1. ## Product of atomic triangular matrices

Hello everybody,
I am trying to prove the following: I am having a triangular $n\times n$ matrix $A$ (with $a_{k,j} = 0 \forall k < j \land a_{j,j} = 1$), I can create atomic triangular matrices $A_{i} = A, a_{kj} = 0 \forall (k \neq j \land j \neq i)$ (in other words: For $A_i$ I set all elements that are not on the main diagonal and that are not in column $i$ to be zero.) Then I need to show that this is true:

$A = A_1 \cdot A_2 \cdot \dots \cdot A_n$

So far I have found: (what might even be the wrong attempt)

\begin{aligned}{}^1\alpha_{ij} &= \sum_{k_{1}=1}^n {}^{1}a_{ik_{1}} {{}^{2}a_{k_{1}j}}\\{}^2\alpha_{ij} &= \sum_{k_{1}=1}^n {}^{1}\alpha_{ik_{1}} {{}^{3}a_{k_{1}j}} = \sum_{k_{1} = 1}^n \Big(\sum_{k_{2}=1}^n {}^{1}a_{ik_{2}} {{}^{2}a_{k_{2}k_{1}}}\Big) {{}^{3}a_{k_{1}j}} = \sum_{k_{1}=k_{2}=1}^n {}^{1}a_{ik_{2}} {{}^{2}a_{k_{2}k_{1}}} {{}^{3}a_{k_{1}j}} \\ & \vdots\\ {}^{n-1}\alpha_{ij} &= \sum_{\{k_{i} = 1\}_{i \in \{1,\dots,n\}}}^n {}^1 a_{ik_{1}}{{}^{n}a_{k_{n-1}j}}\prod_{s=2}^{n-1} {}^s a_{k_{s-1}k_{s}}\end{aligned}

where: ${}^{s}\alpha_{ij}$ is an Element of the result after I performed the first $s$ multiplications. and ${}^{h}a_{ij}$ is an Element of the atomoc triangular matrix $A_h$.
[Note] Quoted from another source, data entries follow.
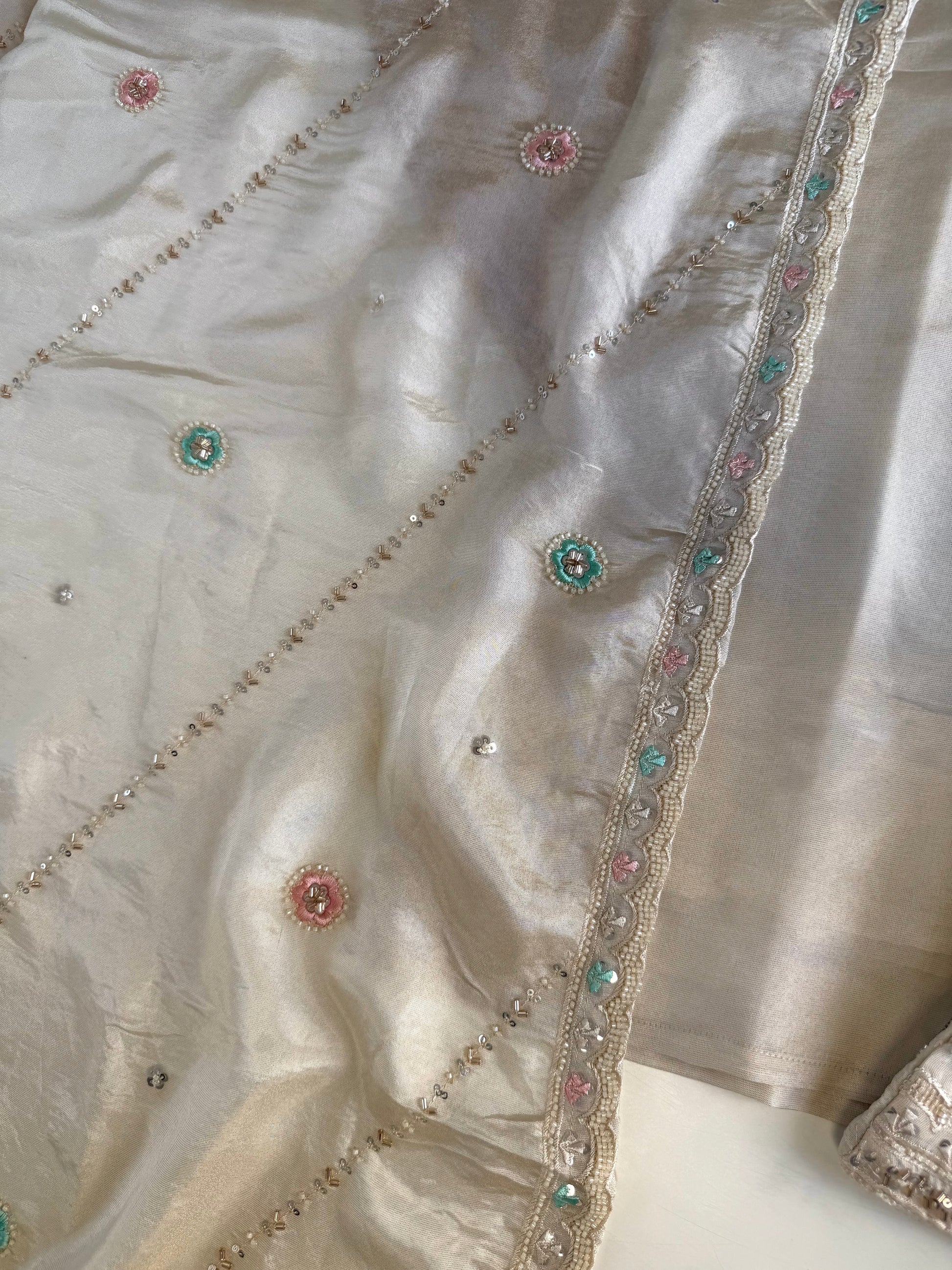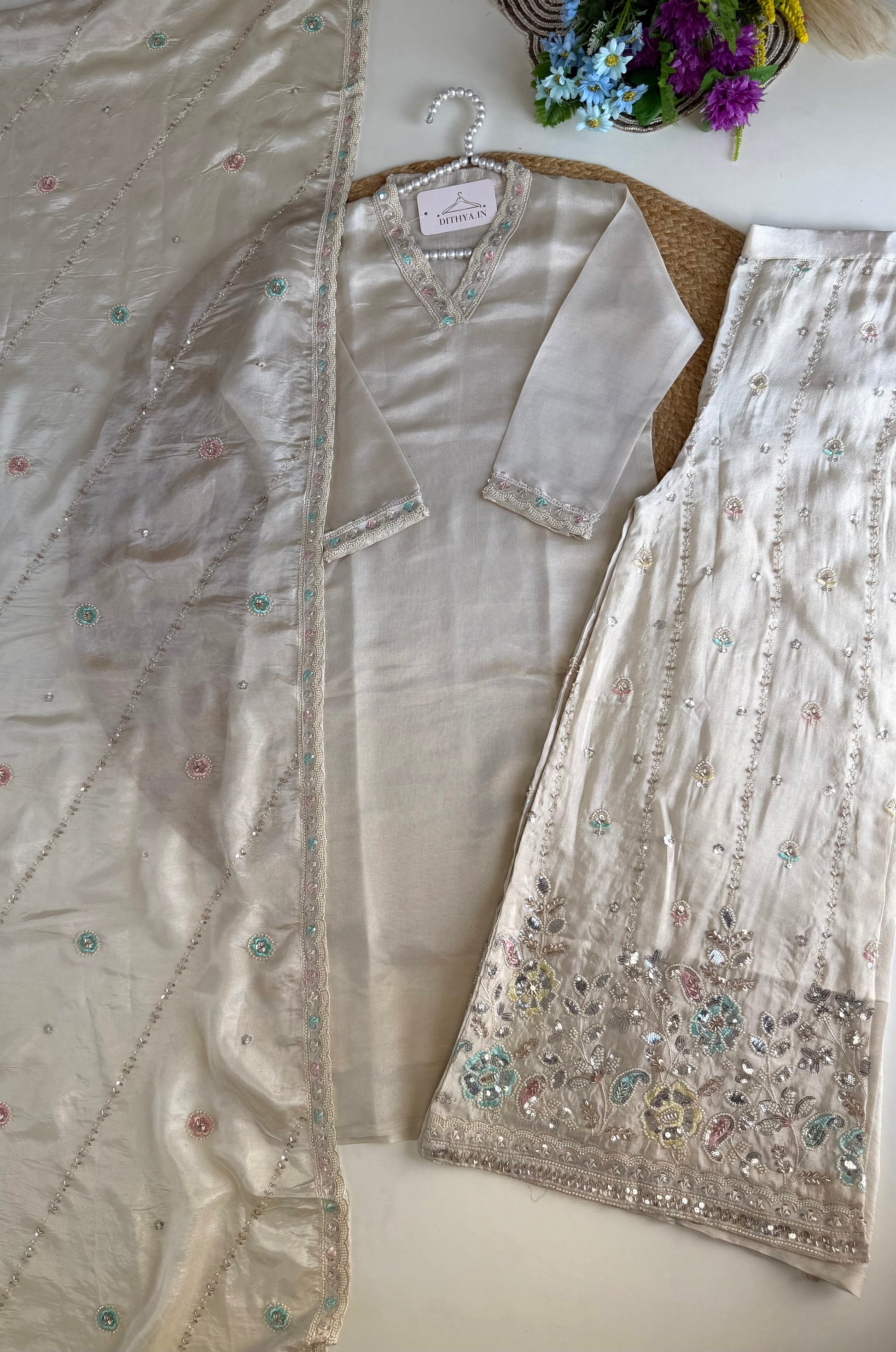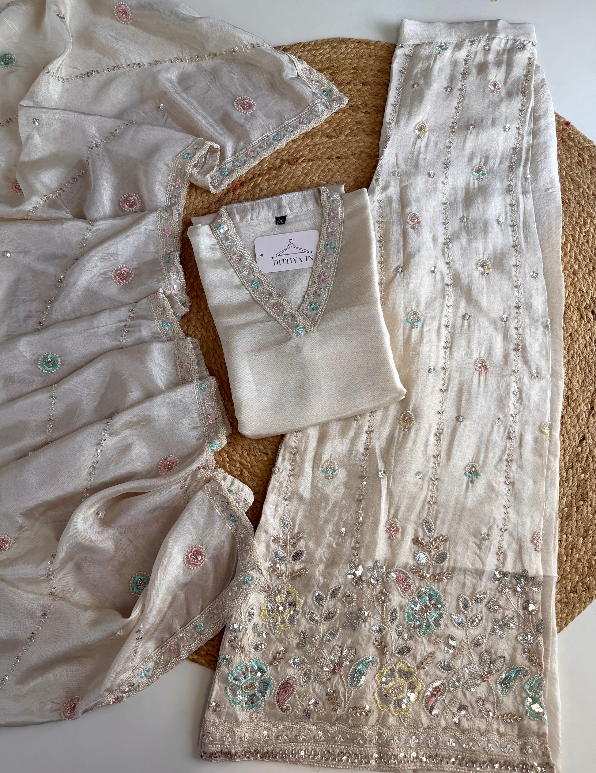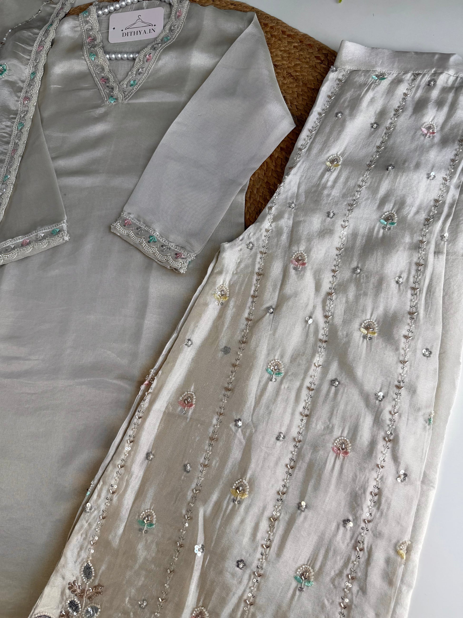 Crafted from luxurious tissue silk, this straight Kurti is sure to elevate your style. Accompanied by a heavy palazzo and dupatta, this set offers a royal and elegant look. Perfect for special occasions or parties, you'll feel confident and sophisticated in this high-quality ensemble.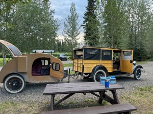 This morning while we were having breakfast at the picnic table, the mosquitoes were not quite so bad. We did see a rabbit. It was a cute little brown one. It hopped away and didn’t make much of a fuss. We also saw a squirrel run through the trees. Fortunately, we did not see a moose or a bear, even though there was a path into the woods that looked like it would accommodate either.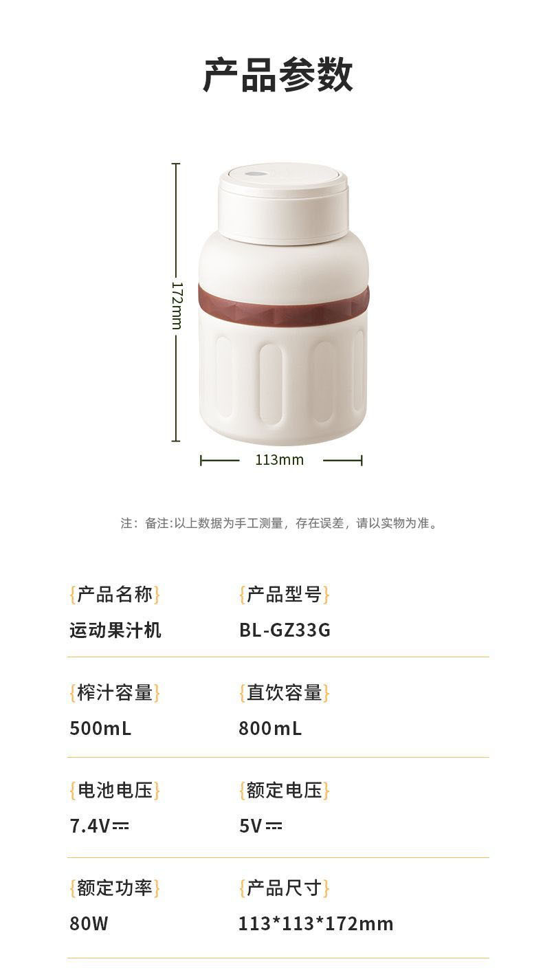 榨汁容量:500ml 直饮容量:800ml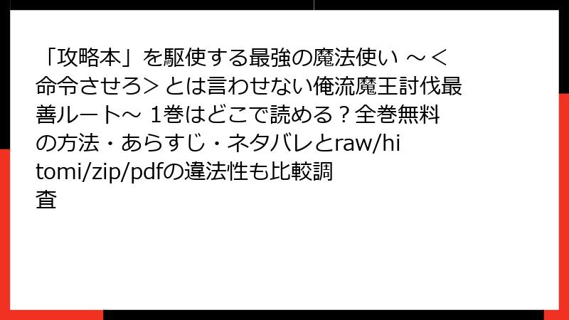 3. 【超危険】「攻略本」を駆使する最強の魔法使い ~<命令させろ>とは言わせない俺流魔王討伐最善ルート~ を raw・hitomi・漫画バンク系海賊版サイトで読む本当のリスク完全解説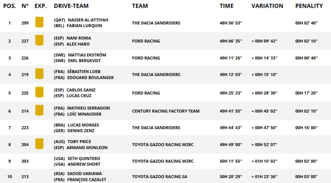 Нассер Аль-Аттія на Dacia завершив фінальний етап лише 33-м із відставанням 8 хвилин від переможця. Проте цього виявилося достатньо, щоб забезпечити йому загальну перемогу шостий раз у кар’єрі з перевагою у 9 хвилин. Тепер катарець відстаєна перемоги від рекорду Стефана Петерханзеля, який має 8 перших місць у класі авто.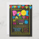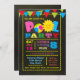 Girl's pool party invitation with colourful text and border on a chalkboard background. This fun and festive pool party invitation is easily customised for your event by simply adding your details.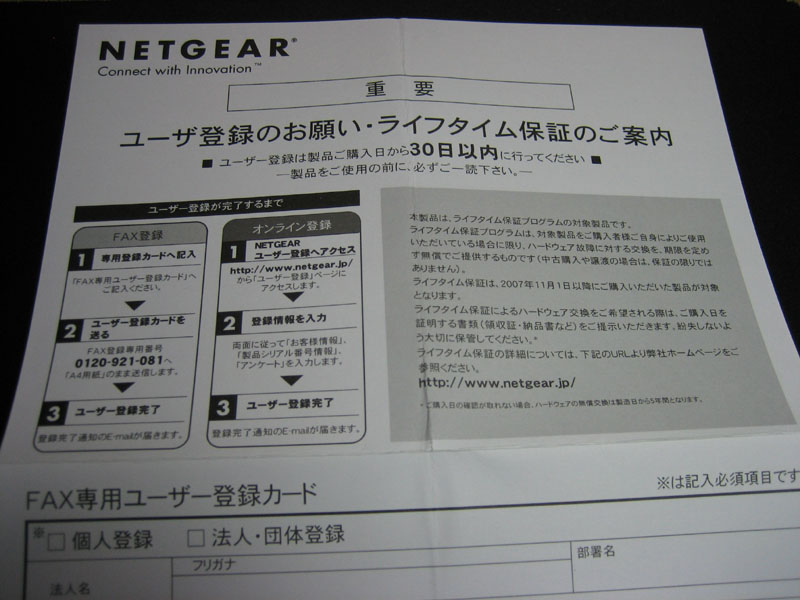 購入後30日以内にFAXかネットでユーザー登録すると保証がうけられるようになります。

However, this is where I am stuck: I cannot figure out a way how to prove by the last equation that all the elements must be as in the original matrix.

Thank you for ideas / suggestions / solutions!
Best, Rafael

2. Found a way by complete induction. Thank you!